Excessive ferritin can stimulate increased oxygen free radical
reactions possibly leading to tissue damage.
· Coffee and tea consumption impair iron absorption.
· Coffee contains caffeine, but the other ingredients in coffee may
actually blunt the body’s physiological response to that caffeine.
Therefore, getting caffeine from coffee may actually negate the
intended effect(s) of the caffeine.
· The consumption of carbonated beverages may adversely affect the
calcium-to-phosphorus ratio.
· Vitamin B12 helps in the formation and regeneration of red blood
cells, ultimately helping to prevent anemia.

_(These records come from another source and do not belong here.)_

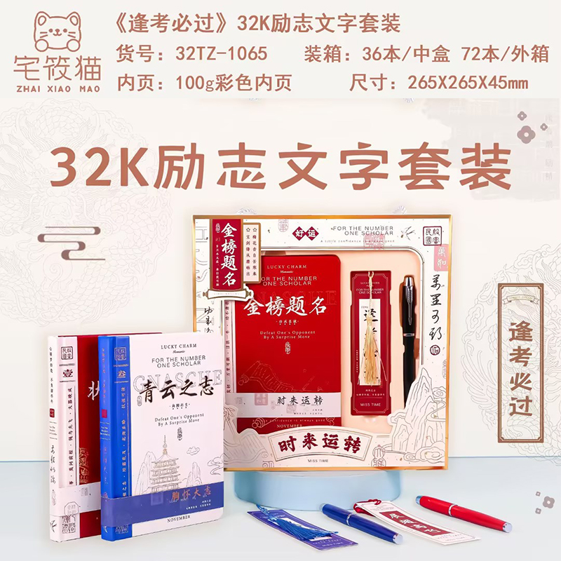 宅筱猫 32TZ-1065《逢考必过》32K励志文字套装 手账本/中性笔/流苏书签 265*265*45cm【107】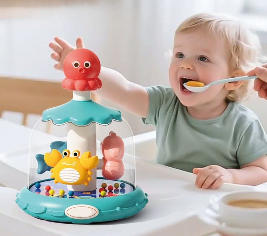 Zadbaj o prawidłowy rozwój twojego maluszka przy sporej dawce wciągającej zabawy. Dzieci uwielbiają przecież kolory, ciekawe tekstury oraz ruchome elementy. Nasza sensoryczna karuzela łączy w sobie to wszystko!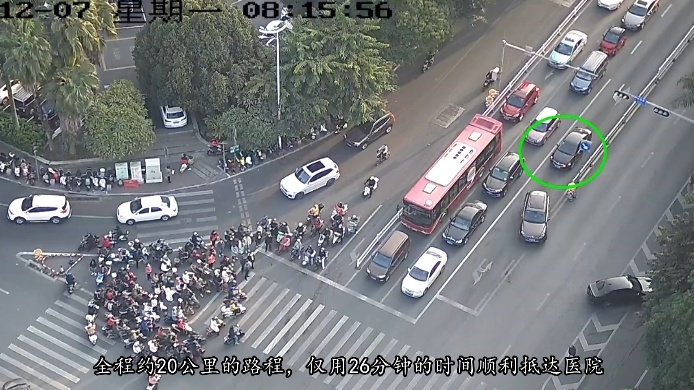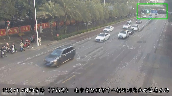 交警指挥中心迅速启动应急救援机制,第一时间引导刘先生避开交通堵点,并首次通过“南宁市智能交通信号控制综合平台”进行远程信号控制,为受助车辆提供“绿波带”保障。
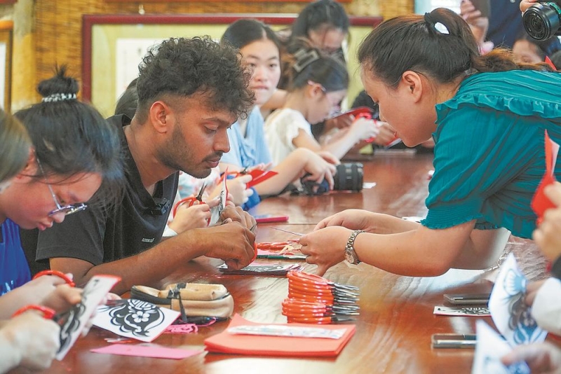 当时,50多名海外青年齐聚寿宁下党村,围着陈水云和吴秋凤等人学习剪纸。一位来自玻利维亚的姑娘学着剪“福”字,剪着剪着,不由自主哼起小曲儿。“大家都非常开心,国别虽不同,但剪纸拉近了我们的距离。”陈水云说。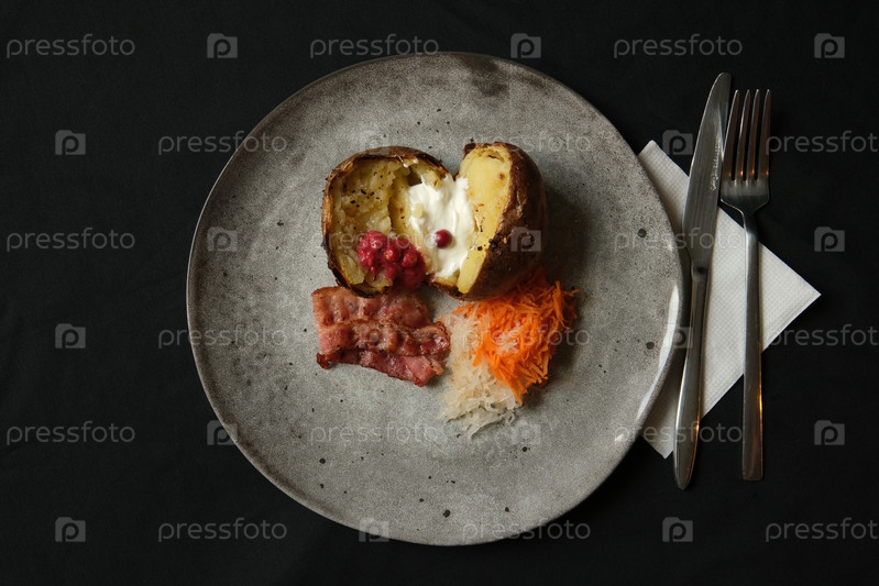 Запеченные картофели с сметаной, беконом и овощами подаются на тарелке

· Mixing taurine (a supplement added to many energy drinks) with
alcohol can lower blood sugar, increase blood pressure and/or cause
heart attack.
Conclusion
The stacking scenarios described in this article are the ones we
actually know about. Given the astronomical number of dietary
supplements on the market today and the variability among products,
the number of potential stacking combinations becomes extremely high.
Without knowing the effects of these combinations of supplements, it
is impossible to advise and make clear and valid recommendations about
them. For this reason, athletes are advised to obtain as many of the
required nutrients as possible from a diet that consists primarily of
conventional foods in quantities that have been recommended for their
individual training scenario.
Recommended Reading:
Risky Dietary Supplements - A roundtable discussion with
Priscilla Clarkson, PhD, Ellen Coleman, MPH, MA, RD and Christine
Rosenbloom, PhD, RD, LD. Ref: Sports Science Exchange Roundtable
48, Volume 13, Number 2 (2002).
Nutritional Supplements and Doping – An overview of by Andrew
Pipe, MD (member of the FINA Doping Control Review Board) and
Christiane Ayotte, PhD (from the Laboratiore de Controle de Dopage in
Quebec, Canada). Ref: Clinical Journal of Sport Medicine, Volume
12, Pages 245-249 (2002).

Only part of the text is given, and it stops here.